Jeff Opland has been awarded the Order of Ikhamanga: Silver for his outstanding contribution to the field of history and an impressive body of works in literature. The award read: “Your work exhumes stories of the dead and brings them to life so that the living can continue to learn and benefit.”

The Ikhamanga flower (more commonly referred to as the strelitzia, crane, or bird or paradise flower) is one of the world’s most recognisable flowers and is indigenous to the Eastern Cape. The Ikhamanga is the central motif of the Order of Ikhamanga and symbolises the unique beauty of the achievements of South Africans in the creative fields of arts, culture, literature, music, journalism and sport.

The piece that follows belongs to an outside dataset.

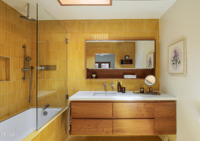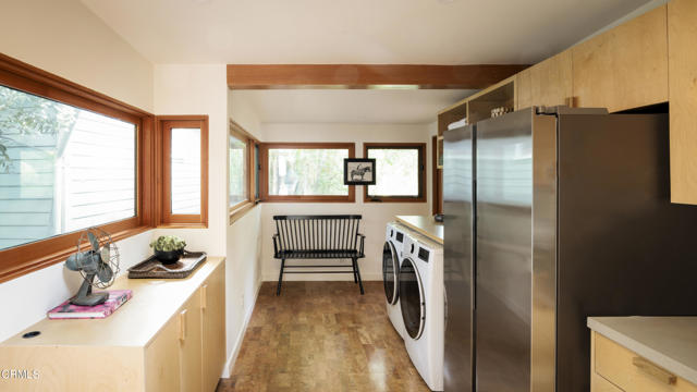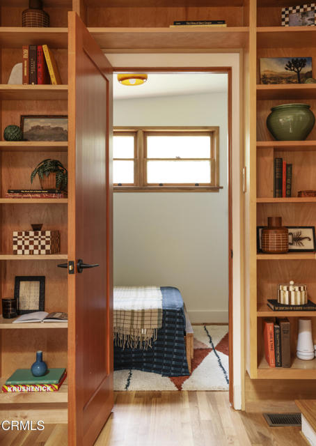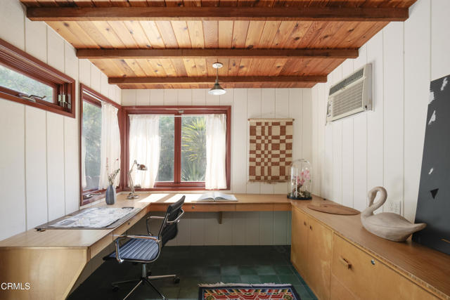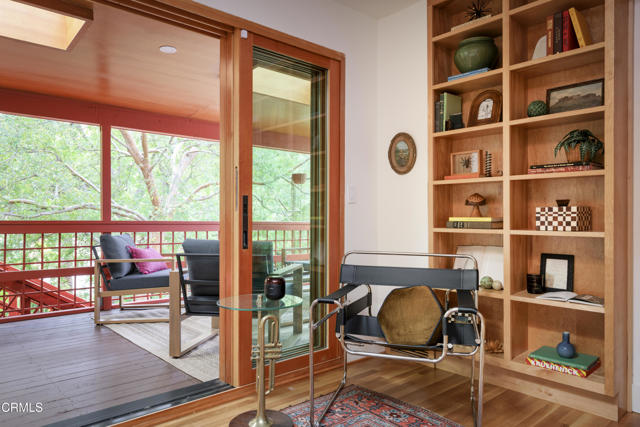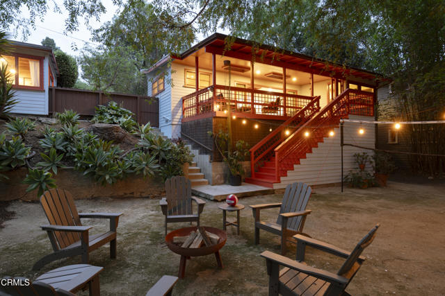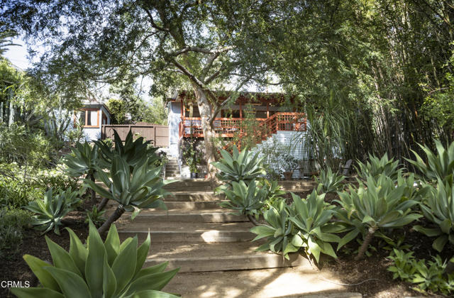 Built in 1921, this private and rustic former hunting lodge has been tastefully updated, blending old world charm and modern amenities. Nestled on a large street to street gated lot in a prime Mount Washington location, this lushly landscaped bungalow oasis has many upgrades including natural wood built-ins, skylights, refinished wood floors and ceilings, a newly remodeled bathroom, as well as a large utility / bonus room off the kitchen with custom natural wood cabinetry and cork floors-perfect for a workout or hobby room. This 2 bed, 1 bath sanctuary is cited in a park-like setting amongst native landscaping and mature trees designed by Judy Kameon of LA landscape architecture studio Elysian Landscapes. Multiple decks, patios, and entertaining areas with flat pads and walkways surround the home, offering many opportunities for relaxing and entertaining. A private gated entry leads to the property's several patios and decks and to the detached studio/office-flex space, with its own separate entrance. The light-filled home includes a spacious living room that opens to the large-covered deck. The open kitchen opens to the dining room and to the front patios. The property also features central AC and heat, a large walk-in primary closet with built-ins, a cold plunge, wine fridge, outdoor shower, ample enclosed storage below the house, and a relined sewer line. A private sanctuary, yet close to bustling Highland Park, Metro, DTLA and freeways.

The Opland Collection of Xhosa Literature is the academic library of Jeff Opland assembled in the course of his research into Xhosa folklore, especially praise poetry, and the history of Xhosa literature. Its contents include field recordings of Xhosa poets (1969–85), books and pamphlets in isiXhosa, and copies of literature published in ephemera. The Publications Series draws on material in the Collection, and presents diplomatic editions with English translations of significant works in isiXhosa, for the most part previously unrecognised or unavailable as published books, and studies of material in the Collection.

The ceremony will be held at the Presidential Guest House on 28 April 2017.